The third major storm this week is bound to instigate another round of travel woes as millions of Americans return home from the Thanksgiving holiday this weekend.
The powerful storm has the potential to bring heavy snow to a sprawling region from the Intermountain West through the Plains all the way to the Great Lakes and New England.
The storm, which already has prompted winter storm and blizzard warnings from Arizona to Wisconsin, will blast east over the next several days, setting the stage for the Northeast’s first major snowstorm of the season.
The storm is developing over the Desert Southwest, energized by the same dip in the jet stream that spawned the Pacific “bomb cyclone” earlier this week.
Accompanying the snow are strong winds, likely to exceed 50 or 60 mph in some areas.
Minneapolis will be right along the southern edge of where substantial snow is possible. Just a county or two north of Minneapolis, accumulations will reach warning levels, closing in on 6 inches or more. But in the Twin Cities, the current forecast calls for 3 to 5 inches. A winter storm watch is in effect.
Uncertainty lies within the temperatures; Minneapolis, Minnesota is predicted to be on the edge of the snow/mixed precipitation line with marginal temperatures, so any fluctuations could have a bearing on how much snow is realized.
In Wisconsin, most of the snow looks to fall north of Appleton and Green Bay. Milwaukee is anticipated to begin as mixed precipitation or sleet Saturday, quickly transitioning to a cold rain that will last off and on through Sunday night. Madison is expected to see a wintry mix late Friday turn to rain on Saturday before perhaps ending as snow on Sunday.
In Chicago, it’s all rain. One wave of rain will make for a gray morning Saturday, but a steadier period of shower activity will come Saturday night into the early morning hours Sunday. There may also be another round of moderate rain during Sunday evening.
As the snow clips northern Michigan, 6 to 12 inches is possible Saturday evening through Sunday afternoon.
This time around, the Upper Midwest will not be prone to particularly strong winds with this system. In fact, winds from over the Great Lakes and Ohio Valley are looking at gusts predominantly below 25 or 30 mph. That’s because the system will be in a slightly weakened state then, reorganizing and reshuffling.

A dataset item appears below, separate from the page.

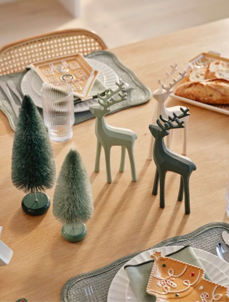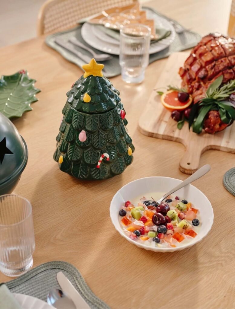 Glassware can be both functional and decorative. Salazar recommends using wine glasses, stemless dessert cups, and holiday-themed tumblers to elevate the table’s look. These pieces can serve drinks, desserts, or even small treats, adding elegance and transparency to the setting.

That restructuring will transfer the storm’s energy off the coast of Delmarva late Sunday night, spawning a new storm center as a nor’easter brews off the New Jersey coastline. It will intensify as it rushes northeastward, passing southeast of Nantucket as it throws precipitation and wind back towards New England.
Bands of snow are possible from the Tug Hull Plateau in New York state to the Hudson Valley by late Sunday, with some six inch-plus totals possible when all is said and done on Monday.
But the real action will be focused in Southern New England, where precipitation moves in Sunday evening. Sunday night and much of Monday will then feature moderate to at times heavy snow.
Two zones of locally heavy snow are possible. One will stretch from east of the Berkshires from northern Massachusetts down to west central Connecticut.
The other zone of heavy snow depends on where the storm’s coastal front sets up, which will determine the whereabouts of the rain/snow line. A strip of heavier snow is typical west of that boundary.
The Boston to Providence corridor may end up along this dividing line, with 5 to 8 inches possible west of there and localized 10-inch amounts. That may end up being in the Blackstone Valley.
To the east, where rain and sleet may mix with snow, 3 to 5 inches are possible, except 1 to 4 in eastern Bristol and Plymouth counties. The Cape and Islands may not see much more than a few flakes.
These snowfall projections may change some as this forecast comes into better focus over the weekend.
Farther south, the forecast is even tougher. New York City may see a snow sandwich — a touch of snow at the start Sunday night and finish Monday night, with rain in between. A few inches are possible farther east on Long Island.
In Philadelphia, it’s looking like mostly rain although snow showers could develop on the storm’s backside Sunday night and Monday, especially in its colder areas to the north and west.
And in Washington and Baltimore, rain will span from late Saturday afternoon through Sunday, with perhaps some rain and/or snow showers on the storm’s backside on Monday.